## Task description:
Starting at the line that contains "Коронка мелкого бокового", write out each line exactly through the last one in the material below, and nothing more; omit all pictures.

BEGIN Source data

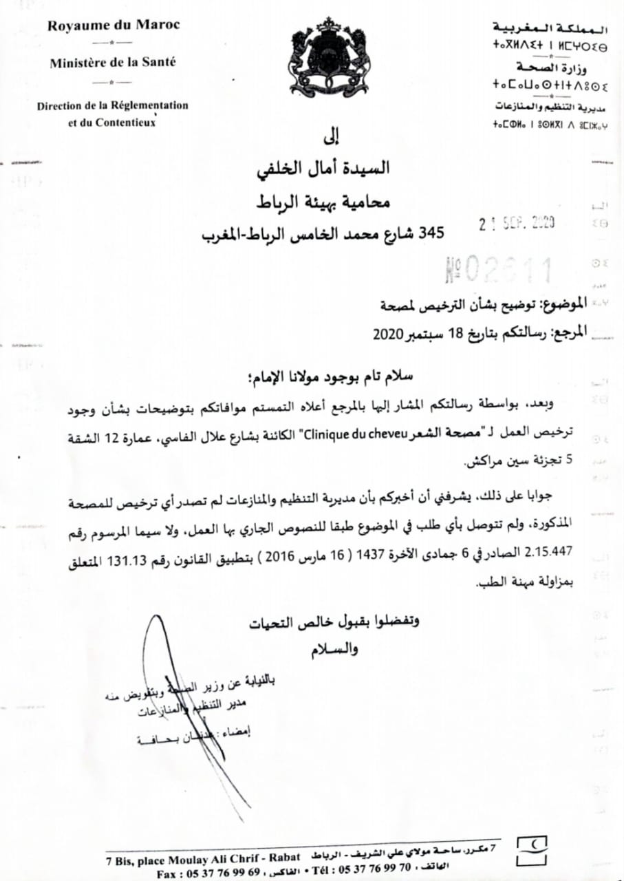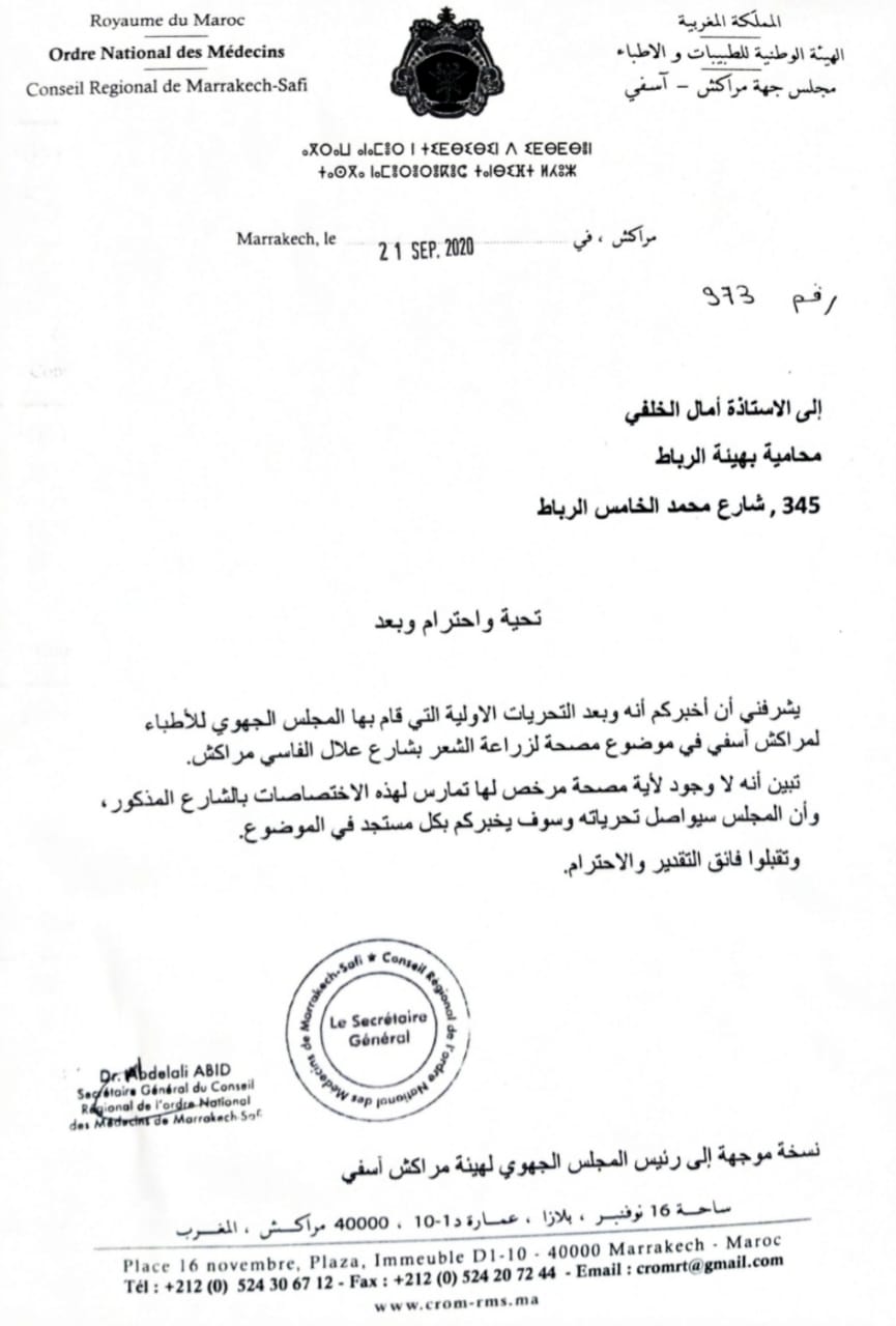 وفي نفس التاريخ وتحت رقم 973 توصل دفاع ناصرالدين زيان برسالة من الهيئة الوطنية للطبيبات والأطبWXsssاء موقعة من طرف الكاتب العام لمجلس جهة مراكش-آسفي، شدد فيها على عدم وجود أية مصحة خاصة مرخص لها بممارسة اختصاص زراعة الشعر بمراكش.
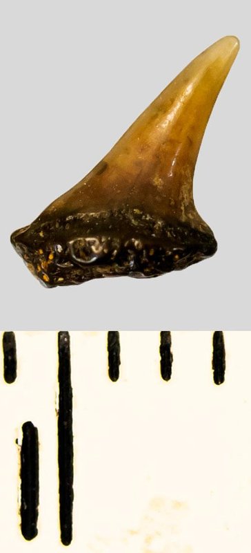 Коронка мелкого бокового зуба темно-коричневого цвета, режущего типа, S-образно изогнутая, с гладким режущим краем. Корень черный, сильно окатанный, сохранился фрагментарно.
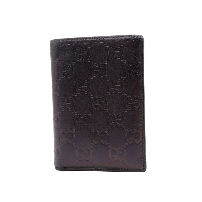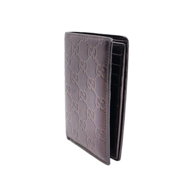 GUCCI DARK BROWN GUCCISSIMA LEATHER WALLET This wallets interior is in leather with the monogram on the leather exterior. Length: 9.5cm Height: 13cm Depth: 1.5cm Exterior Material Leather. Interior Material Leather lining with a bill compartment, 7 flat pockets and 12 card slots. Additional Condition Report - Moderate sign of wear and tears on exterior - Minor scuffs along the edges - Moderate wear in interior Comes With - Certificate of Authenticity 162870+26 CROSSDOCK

END Source data

## Completed exercise:
 Коронка мелкого бокового зуба темно-коричневого цвета, режущего типа, S-образно изогнутая, с гладким режущим краем. Корень черный, сильно окатанный, сохранился фрагментарно.
 GUCCI DARK BROWN GUCCISSIMA LEATHER WALLET This wallets interior is in leather with the monogram on the leather exterior. Length: 9.5cm Height: 13cm Depth: 1.5cm Exterior Material Leather. Interior Material Leather lining with a bill compartment, 7 flat pockets and 12 card slots. Additional Condition Report - Moderate sign of wear and tears on exterior - Minor scuffs along the edges - Moderate wear in interior Comes With - Certificate of Authenticity 162870+26 CROSSDOCK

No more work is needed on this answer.